PART III. THE BOOK OF THE DEAD

15

AT THE END, THE BEAR FINDS HIMSELF LOOKING DOWN AT A vast sagebrush plain lit only by starlight and ringed by dry colorless mountains gone the color of black night. The two men stand at the edge of a collection of battered buildings and trailers that huddle in the middle of that darkness. Around them is a bleak town of some sort and the bear knows this even though he does not know what a town is, has never seen one, and yet knows more now than he ever has in his life, here at the end, although he does not know where he is or how he has come to such a place. There are questions but the bear does not ask them. The time for questions has long passed. One of the figures below him is the man he knows, the man the bear might call friend if he knew such a concept. Maybe he does. But what the bear wonders at now is the man’s smell, for it seems to come to him across time and across the darkness. He can smell him across all his life and the sense of him there makes the bear call out in a long protracted moan. How much he misses the man in that moment. And how much he knows that he will never see him again.
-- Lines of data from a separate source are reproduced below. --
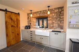 Fitted base units with built in fridge, dishwasher, double Belfast sink, Esse stove (electric and solid fuel). Free standing island with powerpoints. Flagstone floor, windows and patio doors to front. Velux window and exposed stone wall. Sliding door leading on to...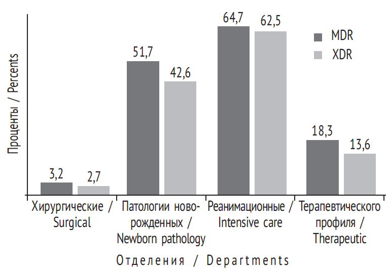 Интересным представляется распределение культур MDR и XDR в различных отделениях многопрофильного детского стационара (рис. 2). Максимальный удельный вес таких штаммов выявлен в отделениях, в которых находятся наиболее ослабленные дети. Так, в реанимационных отделениях он составил 64,7 и 62,5 % соответственно, несколько ниже — в отделениях патологии новорожденных (51,7 и 42,6 %). В три раза ниже была доля MDR- и XDR-изолятов в терапевтических отделениях (18,3 и 13,6 %) и самой низкой (3,2 и 2,7 %) — в хирургических.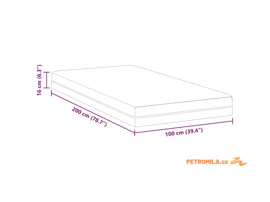 - Celkové rozměry: 200 x 100 x 16 cm (D x Š x V)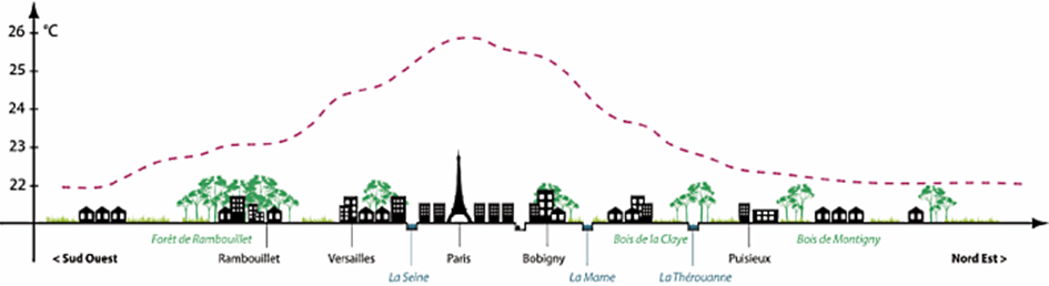 Limiter les effets d’ilot de chaleur est un enjeu de premier ordre pour conserver des milieux urbains agréables à vivre dans nos dans les villes, agglomérations et métropoles. En Île-de-France, environ 25% des emprises artificialisées, dont environ 200 000 hectares urbains construits. Que cela touche des zones commerciales, des locaux d’entreprises, ou bien des quartiers résidentiels, actuellement, 1 Francilien sur 2 vit dans un îlot avec effet de chaleur.

The bear knows too that the other is the stranger who came up earlier from the bottom of the mountain, came up from the snow near where the river crosses the road, bearing with him that hard sharp scent that felt like a jagged cloud swirling all around him.

He tries to call down to the man he knows but now his voice will make no sound at all and what exhales out of him is only a long slow hiss that flows upward into black trees that hang above his body like porcupine quills punched through a snowed-over night sky. And then he knows that he is in the forest again, even though he can smell the desert, a scent he has never smelled before but which he recognizes because there is something of the man he knows in that place, in that dark plain. Now he is in some other night, in some other time, as if the blizzarding gray sky is only a thin membrane so insubstantial that it has become transparent, so that when he casts his sightless milky eyes upward the snow seems to part, does part, circling away to be replaced not with the sky but with the dark desert plain ringed with high bare mountains gone flat black in the moonless night.